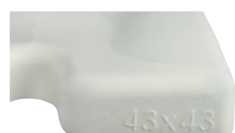
Identificación de las medidas del cojín sobre la espuma.
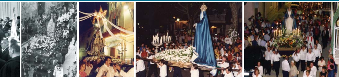
Processó pel carrer Ample. - Processó de la Mare de Déu, en motiu del 50è aniversari de la nova imatge, l'any 1992 - Processó de la Mare de Déu, l'any 2003
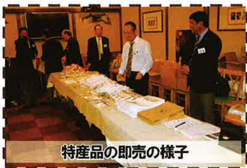
特産品の即売の様子

会場では、東みよし町商工会による特産品の即売も行われました。餅や愛宕柿、生うどんなど、ふるさとの商品は大人気で、用意した商品の大半を購入いただき、中には完売した商品もありました。
————————
* **EXERCISE DESCRIPTION**
Each line from the one containing "Processó pel carrer" to the final line of the data must be printed exactly, both included, with nothing else and no pictures.

* **WRITTEN SOLUTION**
Processó pel carrer Ample. - Processó de la Mare de Déu, en motiu del 50è aniversari de la nova imatge, l'any 1992 - Processó de la Mare de Déu, l'any 2003
特産品の即売の様子

会場では、東みよし町商工会による特産品の即売も行われました。餅や愛宕柿、生うどんなど、ふるさとの商品は大人気で、用意した商品の大半を購入いただき、中には完売した商品もありました。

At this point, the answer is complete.